Leave out the pictures and output exactly the lines below from the one with "- 💗 440 - 460" down to the one with "世故少女的邏輯病 | Miu感襯衫領拼接雙色短洋裝(卡其杏)", both of them included.

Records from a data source

----------

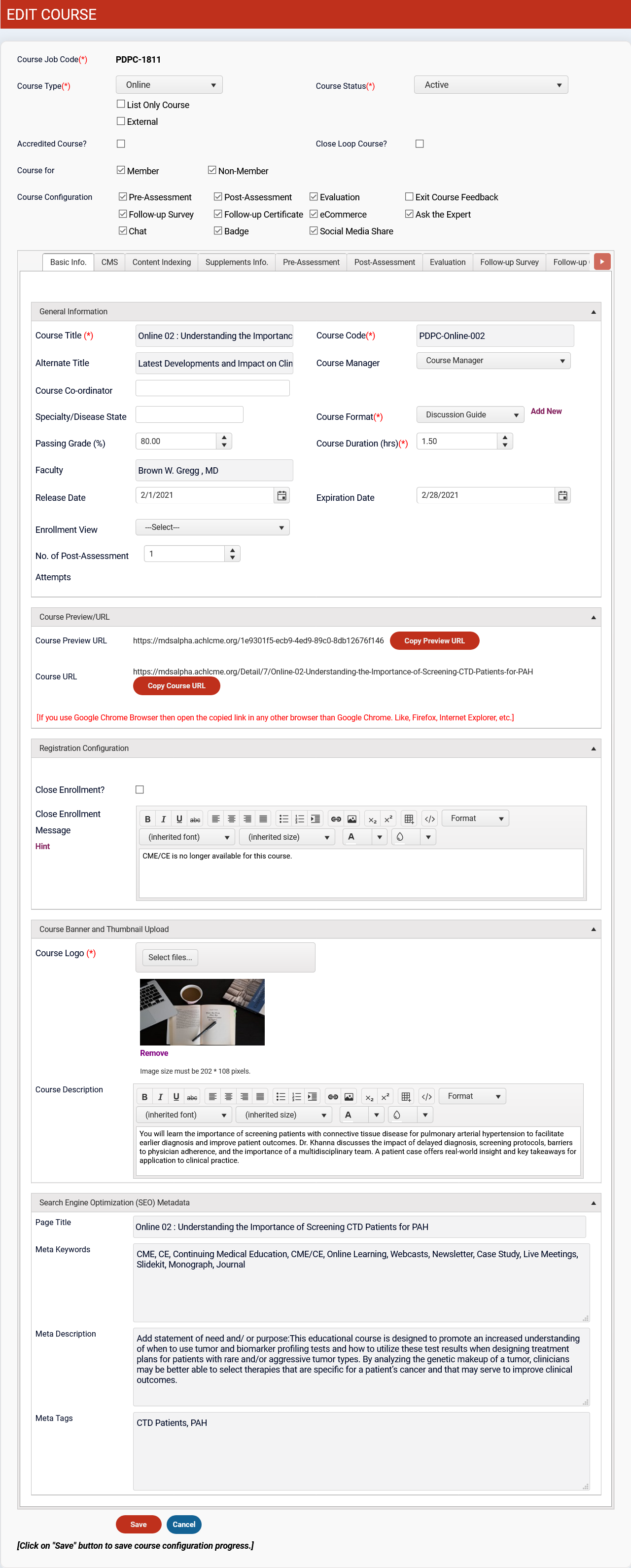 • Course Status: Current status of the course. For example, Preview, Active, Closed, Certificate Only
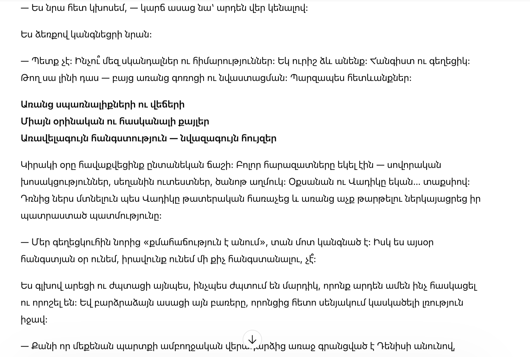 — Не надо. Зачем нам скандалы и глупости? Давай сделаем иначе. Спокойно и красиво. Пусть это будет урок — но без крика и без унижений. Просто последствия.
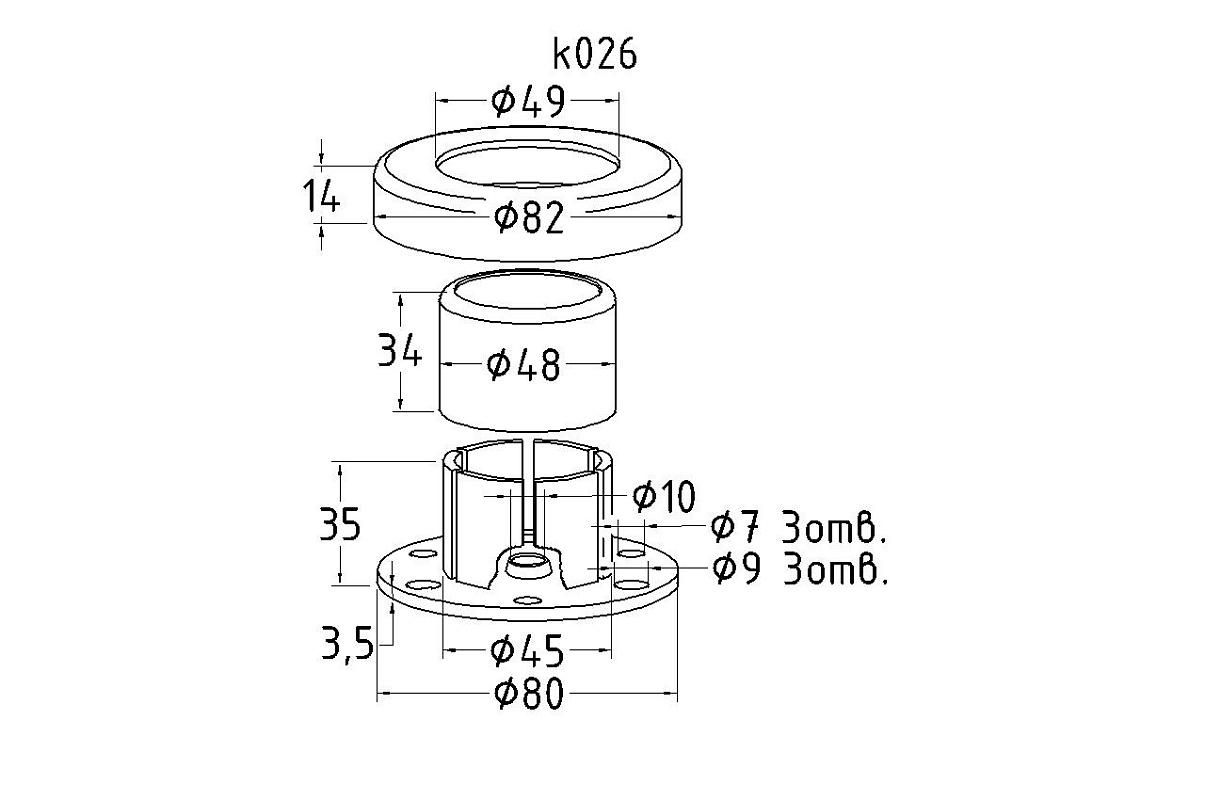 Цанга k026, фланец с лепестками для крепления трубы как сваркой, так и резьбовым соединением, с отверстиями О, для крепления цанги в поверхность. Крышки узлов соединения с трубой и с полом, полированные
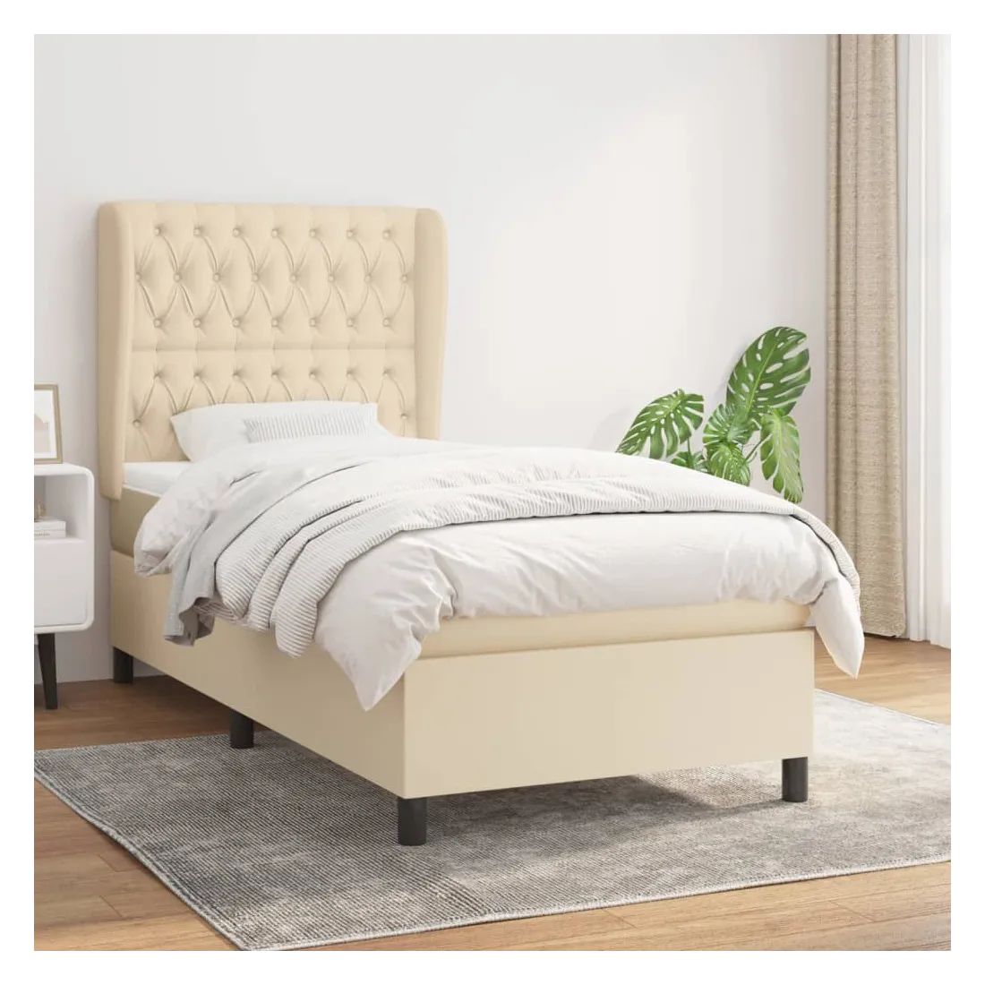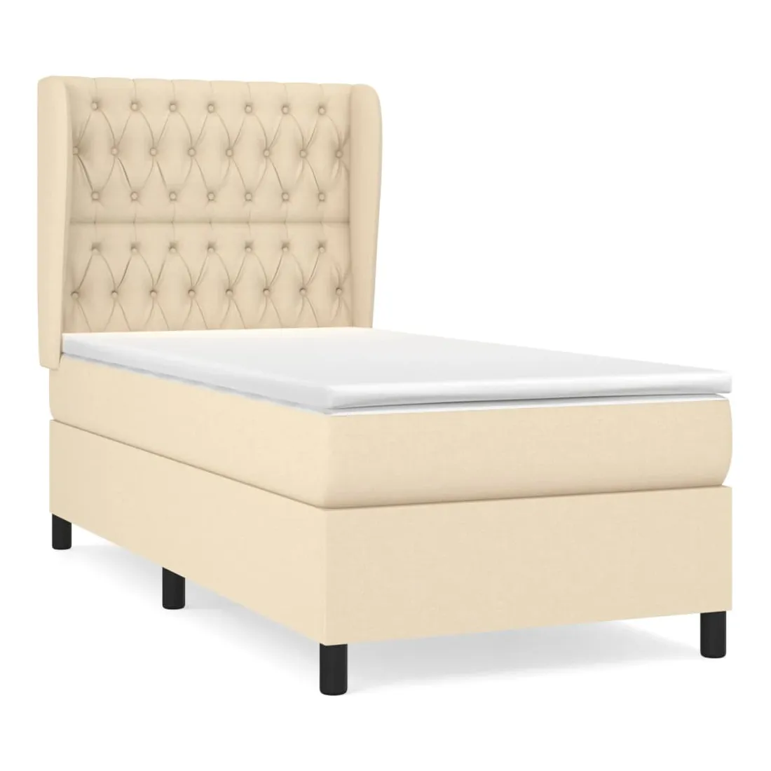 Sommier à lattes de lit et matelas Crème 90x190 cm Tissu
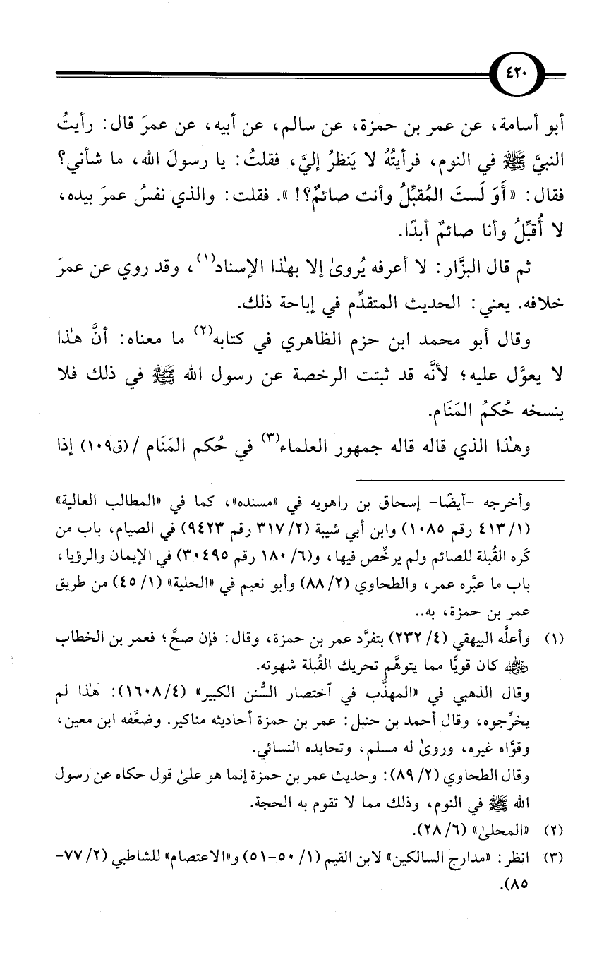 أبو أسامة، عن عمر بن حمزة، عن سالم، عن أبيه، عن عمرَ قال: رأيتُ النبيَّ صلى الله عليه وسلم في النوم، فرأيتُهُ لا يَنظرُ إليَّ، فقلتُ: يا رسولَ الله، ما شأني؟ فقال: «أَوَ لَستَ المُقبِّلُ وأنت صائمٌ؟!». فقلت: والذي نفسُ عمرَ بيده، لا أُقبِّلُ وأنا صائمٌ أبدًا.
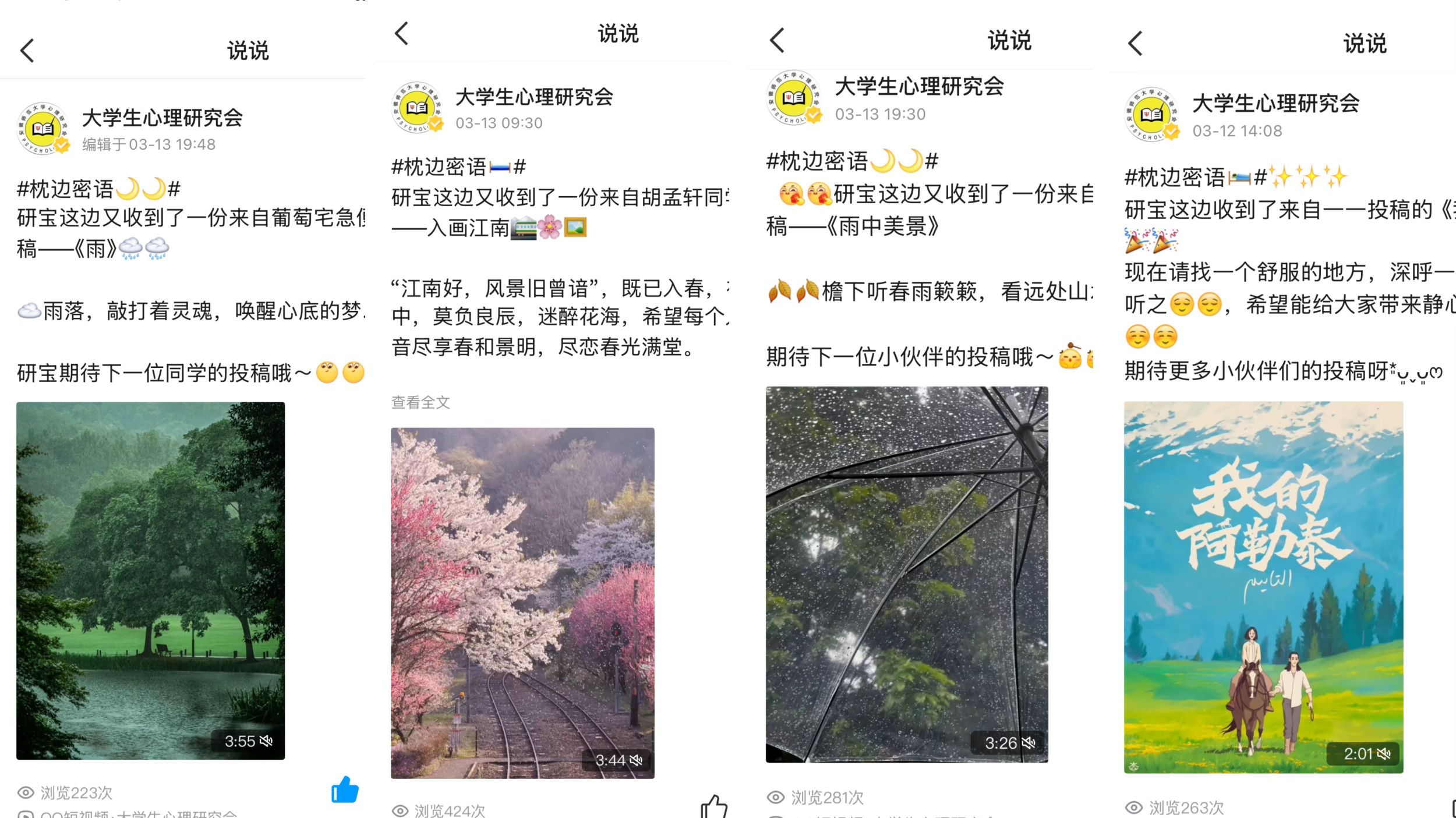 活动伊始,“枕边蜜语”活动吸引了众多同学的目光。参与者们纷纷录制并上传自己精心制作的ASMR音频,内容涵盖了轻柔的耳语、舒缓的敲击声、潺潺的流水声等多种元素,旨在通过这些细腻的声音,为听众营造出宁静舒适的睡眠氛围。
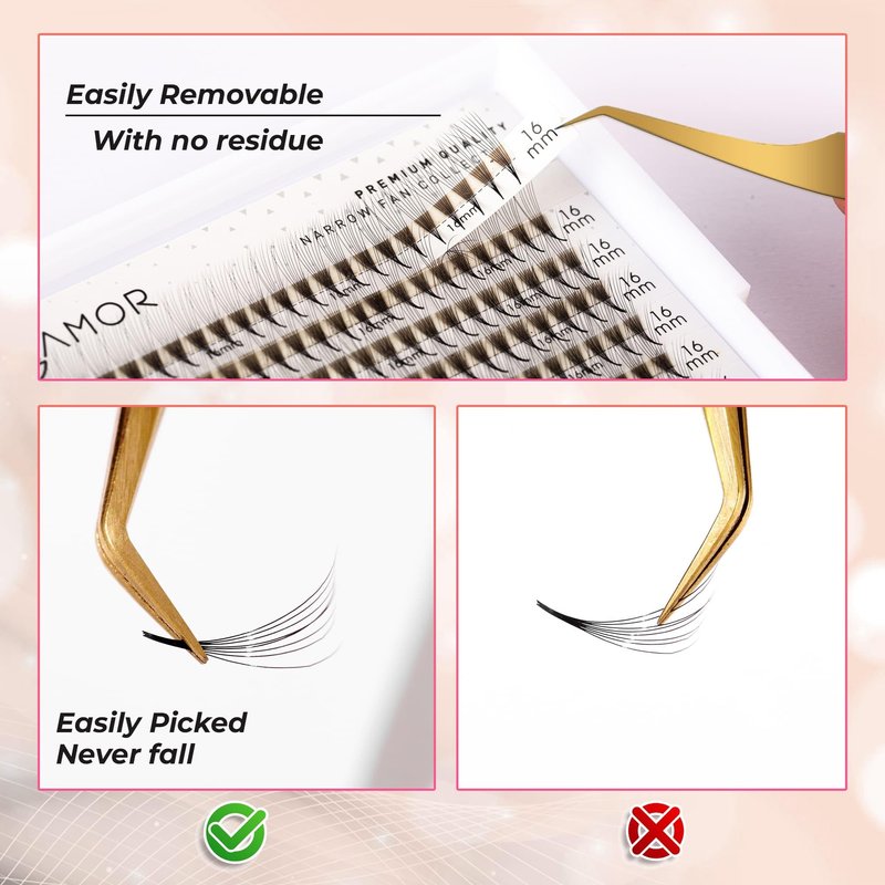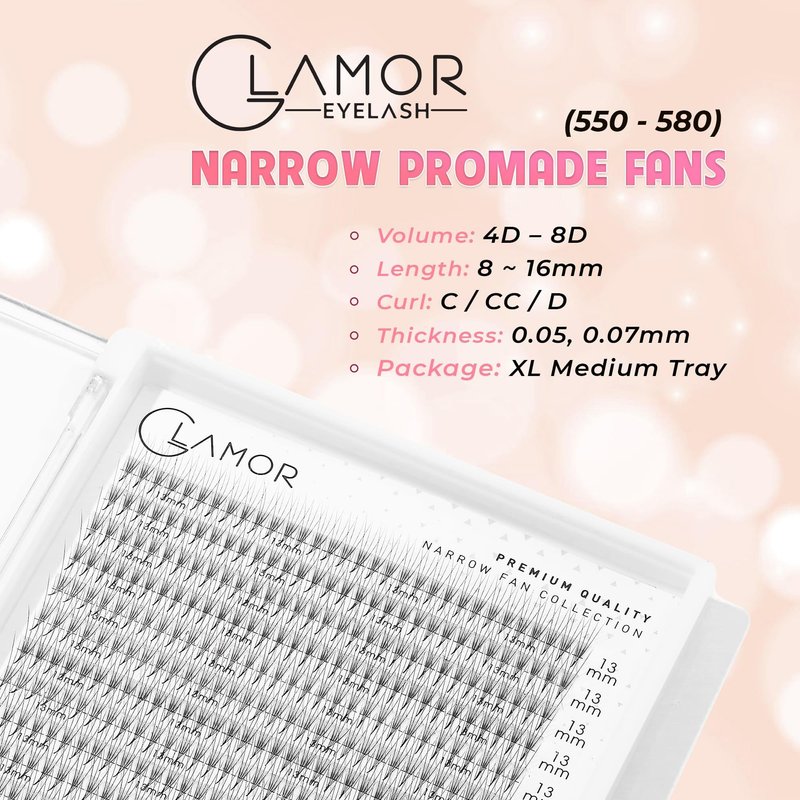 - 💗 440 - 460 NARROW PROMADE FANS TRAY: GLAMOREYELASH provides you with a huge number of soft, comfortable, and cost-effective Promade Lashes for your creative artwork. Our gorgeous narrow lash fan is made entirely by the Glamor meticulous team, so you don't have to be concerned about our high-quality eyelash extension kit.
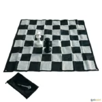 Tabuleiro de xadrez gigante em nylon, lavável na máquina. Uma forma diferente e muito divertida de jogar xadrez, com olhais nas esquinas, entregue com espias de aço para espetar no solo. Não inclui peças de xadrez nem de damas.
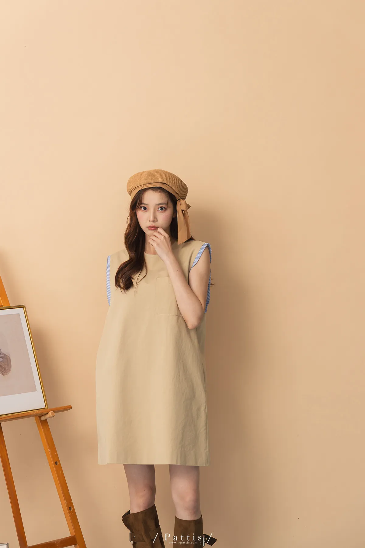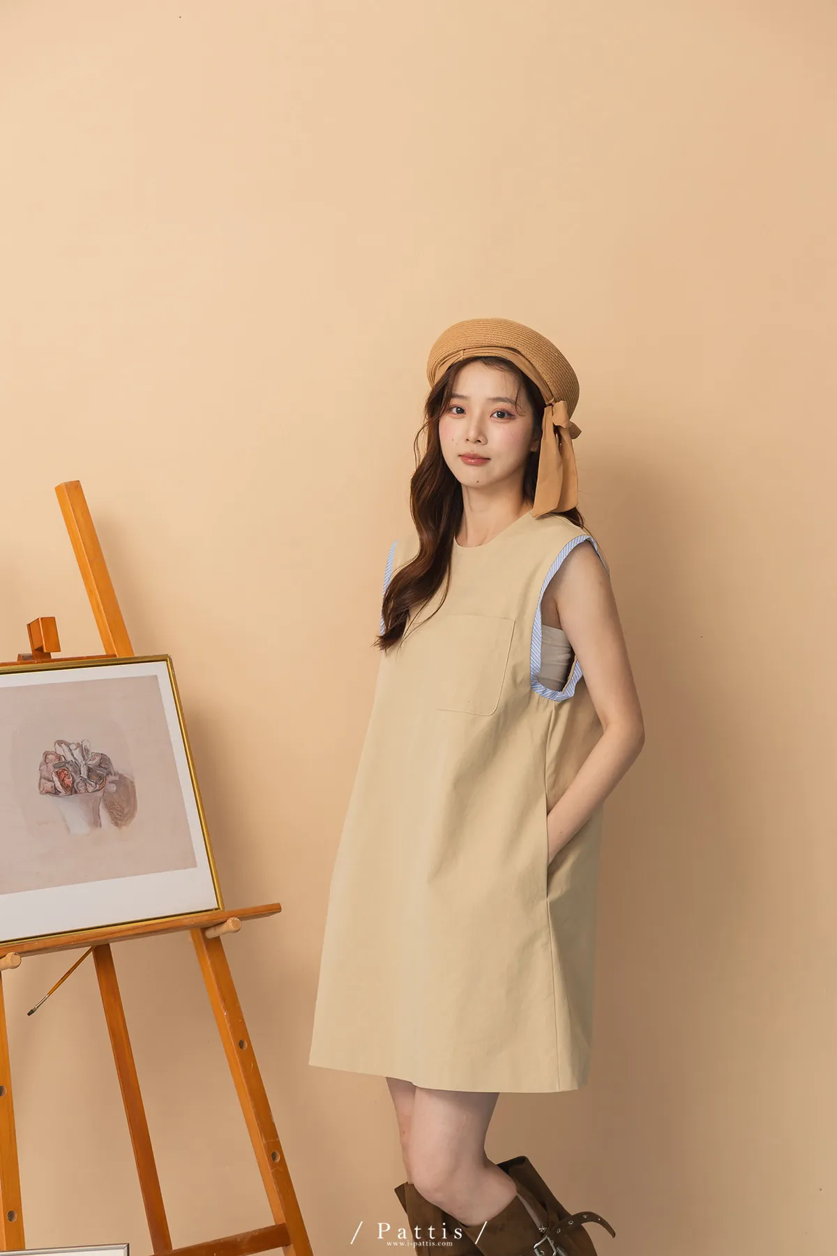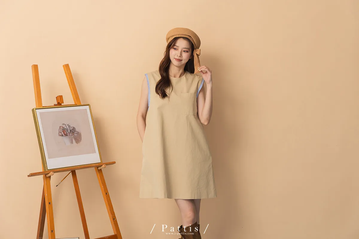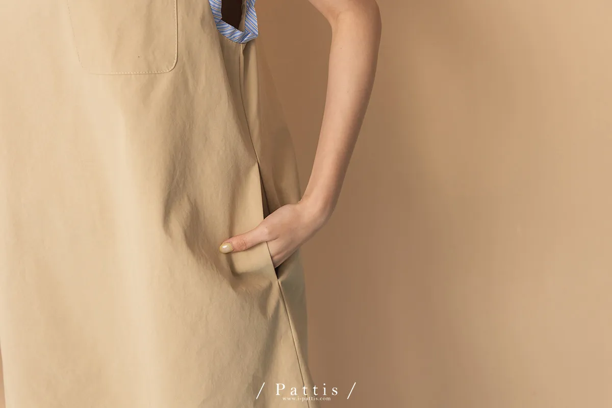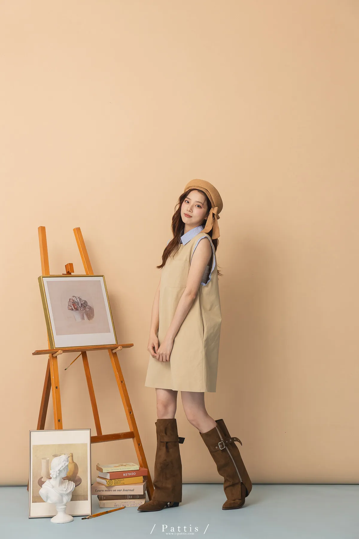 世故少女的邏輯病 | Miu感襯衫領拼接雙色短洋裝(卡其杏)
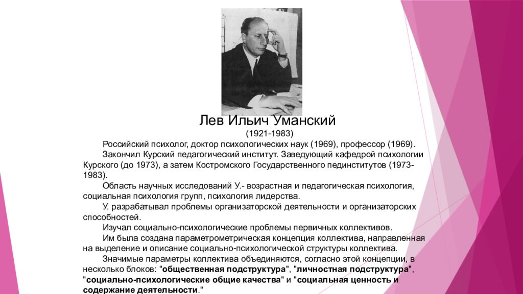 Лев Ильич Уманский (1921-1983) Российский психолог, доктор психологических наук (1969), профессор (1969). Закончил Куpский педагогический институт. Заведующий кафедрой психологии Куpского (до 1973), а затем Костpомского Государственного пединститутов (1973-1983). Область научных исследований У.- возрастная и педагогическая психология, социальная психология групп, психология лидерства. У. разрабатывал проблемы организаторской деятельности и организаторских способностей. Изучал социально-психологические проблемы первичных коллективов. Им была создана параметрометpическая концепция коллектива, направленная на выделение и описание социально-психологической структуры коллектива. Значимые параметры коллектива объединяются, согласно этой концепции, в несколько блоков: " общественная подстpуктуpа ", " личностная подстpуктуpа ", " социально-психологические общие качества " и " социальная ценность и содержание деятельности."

----------

* [Response to this exercise]:
 - 💗 440 - 460 NARROW PROMADE FANS TRAY: GLAMOREYELASH provides you with a huge number of soft, comfortable, and cost-effective Promade Lashes for your creative artwork. Our gorgeous narrow lash fan is made entirely by the Glamor meticulous team, so you don't have to be concerned about our high-quality eyelash extension kit.
 Tabuleiro de xadrez gigante em nylon, lavável na máquina. Uma forma diferente e muito divertida de jogar xadrez, com olhais nas esquinas, entregue com espias de aço para espetar no solo. Não inclui peças de xadrez nem de damas.
 世故少女的邏輯病 | Miu感襯衫領拼接雙色短洋裝(卡其杏)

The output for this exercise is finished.